Di Bengkulu, Little Holmes tampil tanpa celah dan tanpa lelah. Sepanjang dua belas ronde, Little Holmes menggempur benteng pertahanan juara bertahan Wongso Indrajit. Sepanjang pertarungan, tidak ada yang mendominasi. Tidak ada petinju yang mengalami knock down. Pertarungan sangat konpetitif. Wongso Indrajit yang bertarung setengah defensive dinyatakan menang sekaligus mempertahankan gelar.
Wasit merangkap hakim, Valdez Perez (Filipina) memberikan nilai 118-115 dan Djafar (Jakarta) 117-116, untuk Wongso Indrajit. Sudharsono (Jakarta) 117-114 untuk Little Holmes. Angka yang diberikan Sudharsono lebih kuat untuk dipercaya. Tetapi, angka yang datang dari wasit asal Filipina patut diterima. Sebab kemungkinan berpihak itu jauh. Dia tidak mengenal siapa pun. Dia orang Filipina, yang pada malam tinju pro di Bengkulu, dia ditugaskan oleh OPBF sebagai wasit untuk pertandingan Sithnaruepoill-Pono. Pada malam itu memang kekurangan wasit sehingga dia diminta sebagai orang ketiga.
Little Holmes sangat kecewa dengan putusan hakim. Dia ingin melakukannya sekali lagi melawan Wongso Indrajit dalam partai Kejuaraan Indonesia. Dia ingin membalas dendamnya.
Sampai sekarang sudah 36 tahun berlalu sejak peristiwa Little Holmes merampok microphone di Bengkulu tahun 1986, belum pernah ada petinju lain yang berani melakukannya. Little Holmes satu-satunya, yang menantang lawannya di dalam ring.
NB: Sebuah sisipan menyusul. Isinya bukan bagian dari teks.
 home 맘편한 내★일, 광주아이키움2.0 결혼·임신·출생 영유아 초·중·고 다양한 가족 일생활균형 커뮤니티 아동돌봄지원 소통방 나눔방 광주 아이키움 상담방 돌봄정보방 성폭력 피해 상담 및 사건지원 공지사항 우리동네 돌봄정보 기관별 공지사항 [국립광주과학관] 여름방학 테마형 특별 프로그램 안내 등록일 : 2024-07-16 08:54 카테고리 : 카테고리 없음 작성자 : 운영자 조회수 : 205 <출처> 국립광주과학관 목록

Sayang seribu kali sayang, sampai Wongso Indrajit meninggal dunia di Kediri pada tahun 2013, dendam rematch Wongso Indrajit-Little Holmes tidak pernah terlaksana.
36 TAHUN KEMUDIAN
Suatu hari, secara tidak disangka-sangka, penulis bertemu Little Holmes di sasana Bulungan, Jakarta, Selasa, 19 Juli 2022. Membicarakan masalah pinjam tempat (ring KPJ Bulungan) untuk tujuan calon wasit/hakim.
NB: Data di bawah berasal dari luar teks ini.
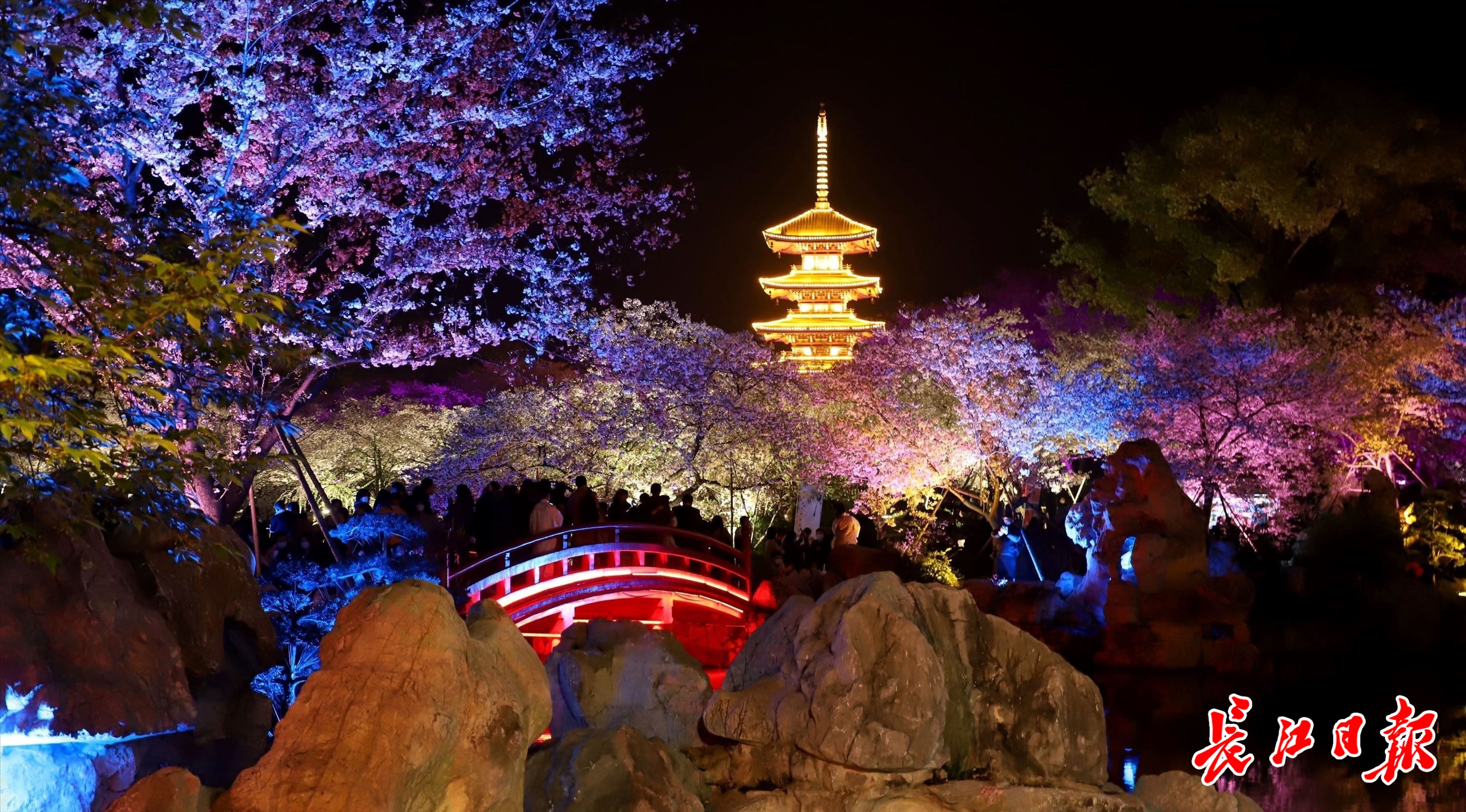 3月20日晚,东湖樱花园夜景。记者杨涛 摄

Itu persis 36 tahun, sejak peristiwa merampok microphone versi Little Holmes di Bengkulu, Sabtu, 19 Juli 1986.
Sambil menikmati setengah gelas kopi hitam dan sepaket kuat pancung di bawah pohan rimbun dekat ring tinju, aku bertanya kepada Little Holmes, mengapa sampai berani menyambar mik kemudian menantang Wongso Indrajit.
“Itu spontan saja,” jawab Little Holmes. “Saya merasa tidak kalah, makanya saya ajak tarung ulang. Saya tantang dia. Saya kepingin pertandingan berjalan fair. Jangan diatur. Kalau kalah, bilang kalah. Jangan orang sudah berjuang pertaruhkan nyawa dan seharusnya menang, eh dikasih kalah. Itu tidak bagus.”
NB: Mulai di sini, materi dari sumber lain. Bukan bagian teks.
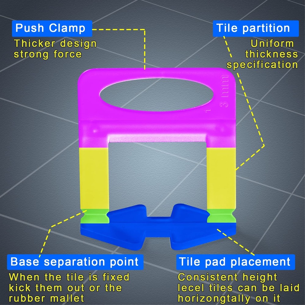 Products include: 5500-Piece Leveling Spacer Clips 1*Pcs 16 oz Rubber Mallet Product advantages: 1. When laying, prevent the tiles from moving and make the gap between the tiles even. 2. After laying, improve the flatness of the tiles and make them more beautiful! 3. Reduce the difficulty of construction, save the time of installation personnel, novices can practice. Tips: 1. Before placing the tiles, remember to erase some cement on the edges of the tiles. Don't fill the tiles with cement. After placing the clamp, this will prevent the cement from being wrapped in the clamp. Curing will affect the removal of the clamp. 【What You Get】:5500pcs 1/8 inch tile leveling spacer clips and 16 oz Rubber Mallet - Durable Eco-Friendly Rubber Hammer Tips.There are other tile leveling system kits in store looking forward to your purchase! 【What You Get】We offer 1-year warranty and lifetime service for a risk-free experience. If you have any questions, don't hesitate to contact us. 【16 oz -Hammer】:Double-sided solid rubber head,High-strength fiberglass handle core ,Outer polyethylene sheath protects handle core from mis-hits,Rubber handle so hands never loose 【Disposable Tile Clips】1/8"(3mm)Tile Clips Suitable for 1/8" (3mm) to 1/2"(12mm) thickness of the tile, allows for a 1/8"(3mm) minimum grout joint. 【Easy to Use and Efficient】: Novices can also use it easily. It will hold the tiles firmly and is very easy to install and remove. 4 Tile Clips and wedges are recommended for one tile; 6 or 8 tile spacers and wedges are recommended for larger tiles.【24 Hours】: Note, After waiting 24 hours, kick or use a rubber mallet to remove the clips of the tile leveler. Wedges are reusable! 【High QualityTile Leveling System Wedges】tile leveler Clips adopt a brand new PVC material.Wear-resistant and compressive, high bearing capacity, not easy to break【Suitable for all tile types】 :Very suitable for floor/wall tile installation, can be used for leveling all tile types, such as porcelain, ceramic, marble, and all-natural stone.

Setelah pertandingan Bengkulu, Wongso Indrajit masih sempat dua kali bertanding melawan Little Holmes, tetapi dalam partai non gelar dan sudah di luar kelas bantam yunior. Wongso Indrajit naik ke kelas bantam dan Little Holmes kelas bulu yunior.
“Saya balas sekali menang dan sekali draw. Total pertandingan kami empat kali. Saya tidak pernah takut. Lawan siapa saja, saya tantang. Petinju sekarang mana ada yang mau begitu. Kebanyakan di antara mereka cari lawan sendiri, supaya bisa menang,” kata Little Holmes, yang bernama Misiyanto, asal Malang, Jawa Timur.
Bukan hanya mencari lawan, bahkan petinju sekarang sudah ada yang berani membayar lawannya sendiri agar bisa naik ring. Dalam tinju pro dikenal dengan istilah “beli partai”. Cara kotor seperti ini biasanya disertai syarat harus kalah pada ronde yang sudah ditentukan.
NANA SUHANA DAN POLLY
Kembali ke Bengkulu, partai internasional kelas terbang mini 10 ronde. Eak Donjadee (Thailand) menang TKO ronde keempat atas Nana Suhana (Amar Sport Jakarta, Indonesia). Pertandingan ini seharusnya tidak boleh terjadi karena selisih berat badan hampir lima kilogram. Danjadee ditimbang dengan berat 53,6 kilogram. Nana Suhana hanya 48,7 kilogram.
Partai lain, Kejuaraan Indonesia gelar lowong kelas menengah 12 ronde, Polly Pasireron (Manahan Jakarta) menang TKO ronde pertama atas Guritno (Raung Jember). Guritno bukan yang pas bagi Polly. Hanya dengan jab, pertahanan Guritno sudah berantakan. Straight Polly Pasireron menjatuhkan Guritno tiga kali. Tak sampai satu ronde langsung habis.